What is natural selection?
Organisms with adaptations best suited for the environment will have a higher chance at survival and reproduction over time
What influences natural selection?
Environmental stability, genetic variation, adaptations, and fitness
What does natural selection result in?
Evolution/an increase or decrease of certain phenotypes over generations
What is fitness?
The ability of an organism to survive and produce fertile viable offspring. Evolutionary fitness means reproductive success and heritability of adaptations had occurred.
What is evolution?
The genetic makeup of a population over time driven by mutations
What are phenotypic variations?
The phenotypic differences between individuals in a population caused by genetic variation. The more variation in a population, the higher probability for surviving changing environmental conditions.

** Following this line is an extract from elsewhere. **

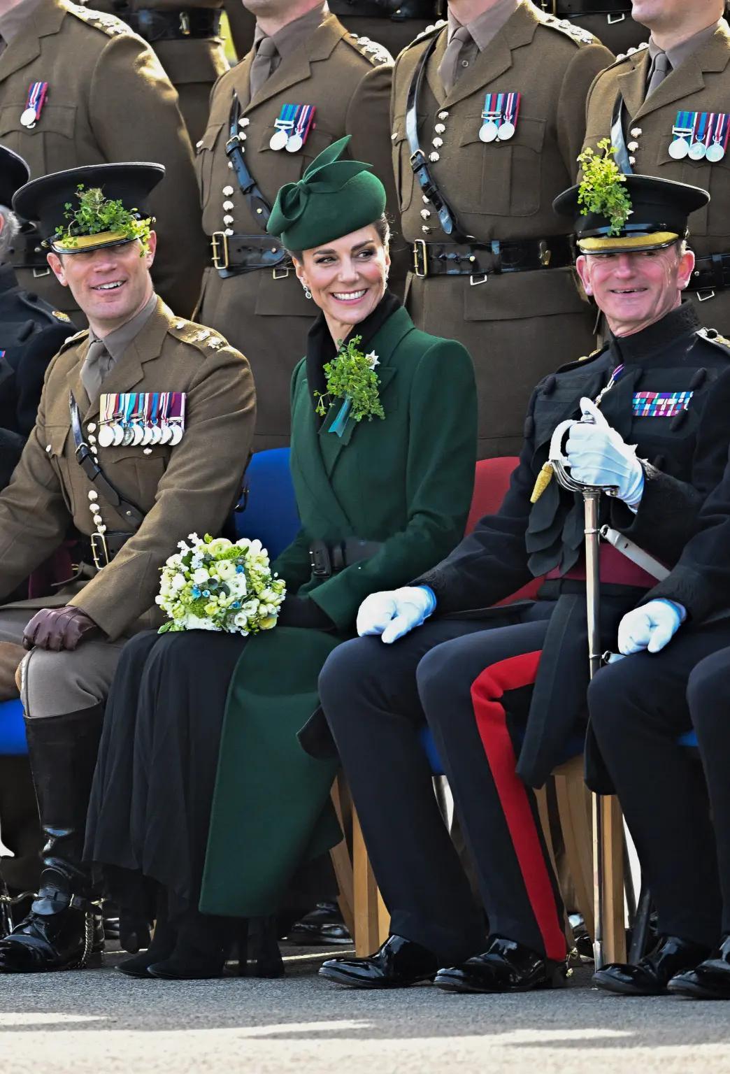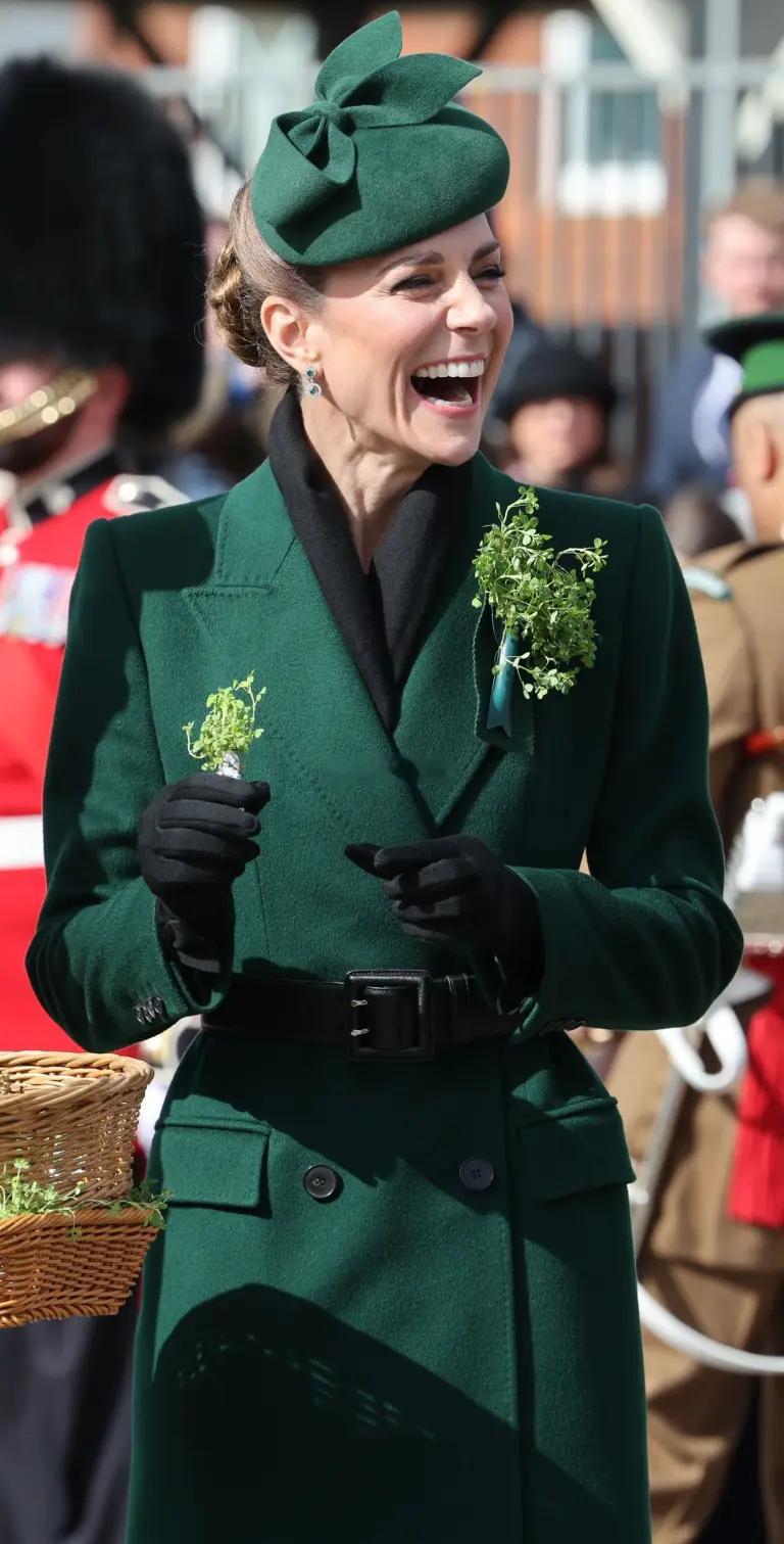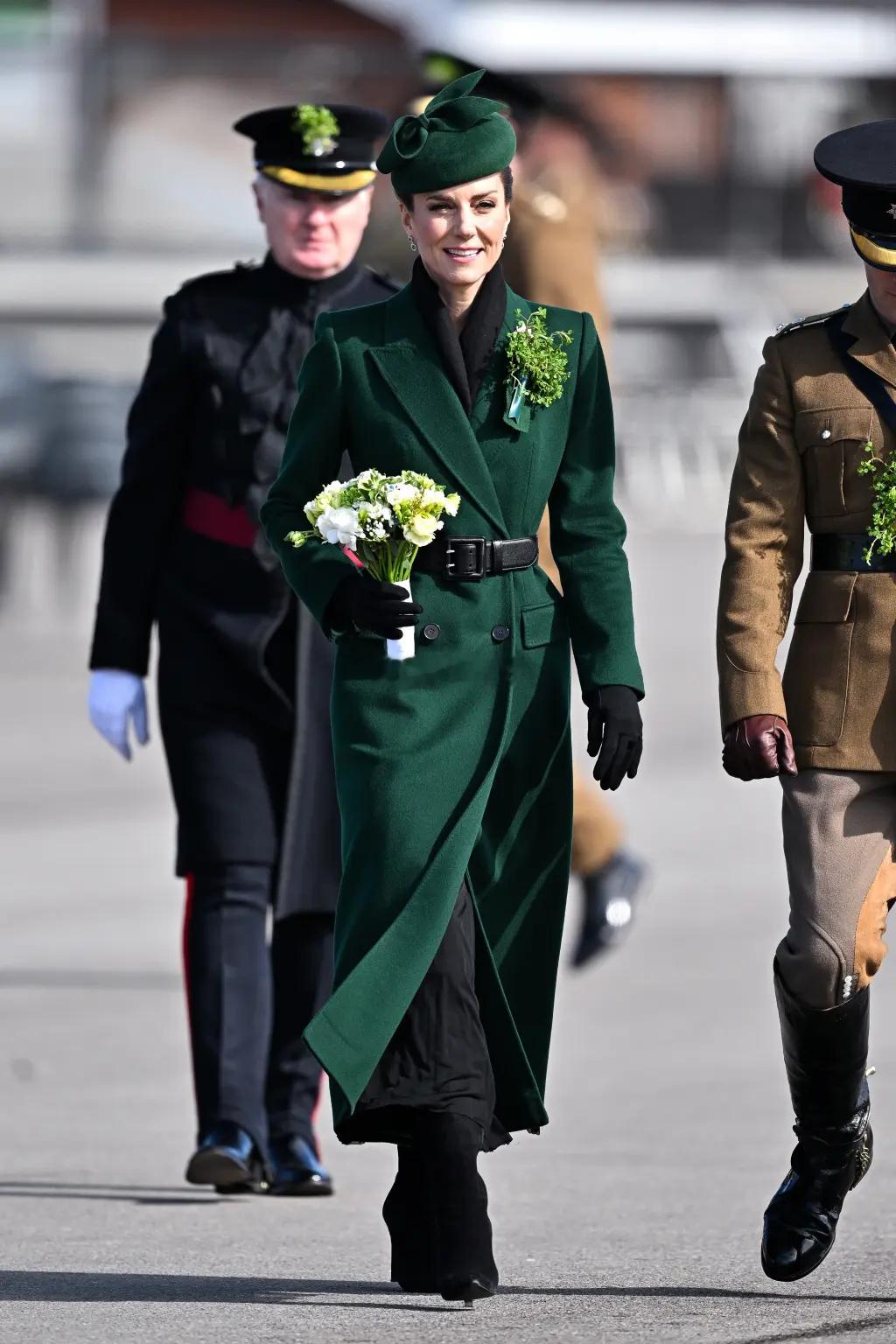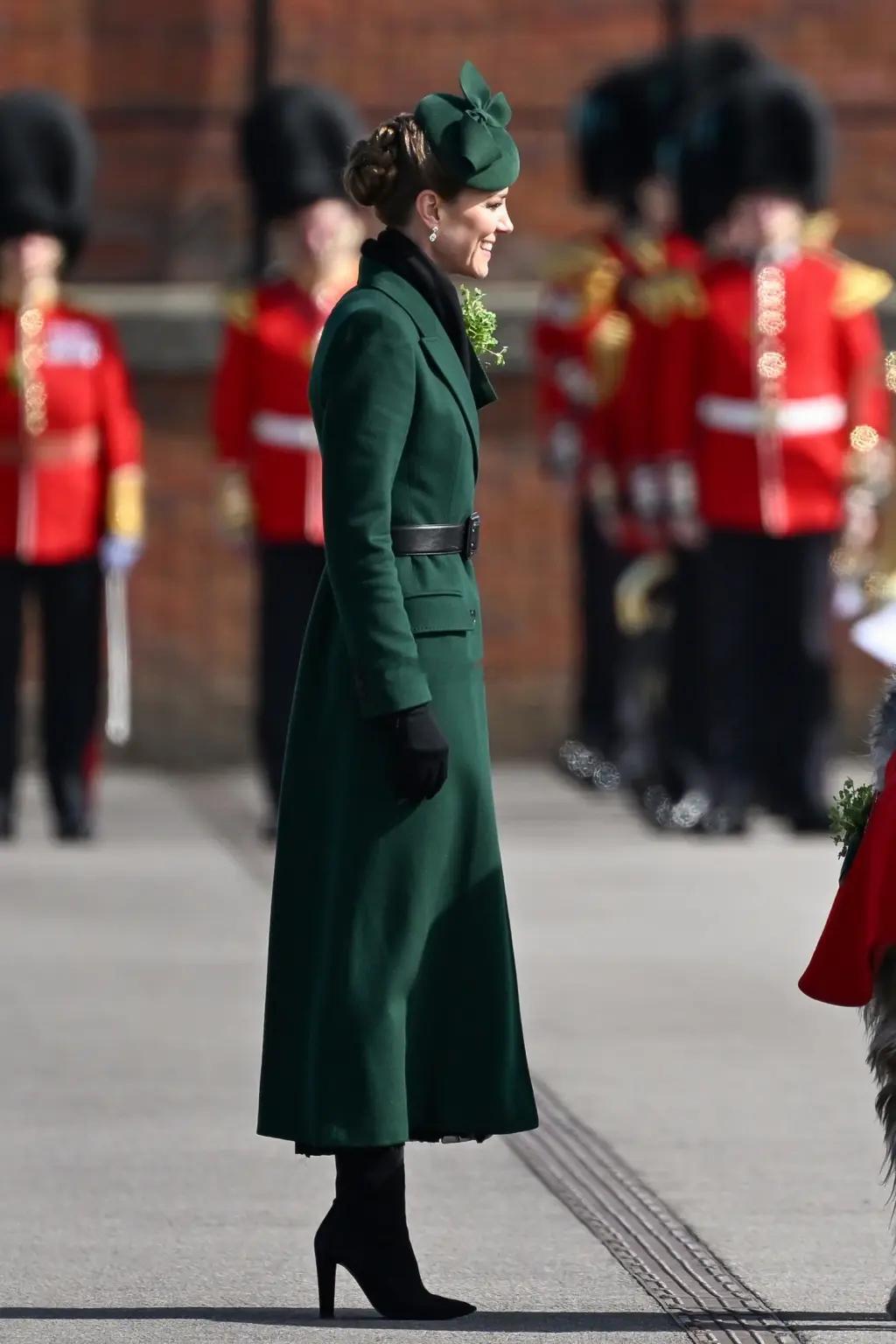 定制的Alexander McQueen双排扣大衣➕Gina Foster Millinery的绿色礼帽➕Asprey London 祖母绿钻石耳环➕Cornelia James手套➕Ralph Lauren及膝麂皮长靴👢

This is because in natural selection, those with favorable phenotypes will have higher fitness and pass on those traits— increasing the fitness of the entire population.
What are phenotypes?
The physical expression of a genotype
What are genotypes?
The combination of two alleles, which are a variation of a gene —> “a” is allele, “aa” is genotype
What are selective pressures?
Biotic and biotic factors that influence survivability → example: disease, climate, food availability
What is artificial selection?
Humans interfere by selectively choosing desirable traits → example: agricultural practices, dog breeding
What is convergent evolution?
Similar selective pressures in an environment select similar traits for different populations (living at the same area and time)/species (in general) over time → example: shark and whales
What is genetic drift?
A nonselective mechanism for evolution, especially for small populations. It is the random change in the frequency of an allele.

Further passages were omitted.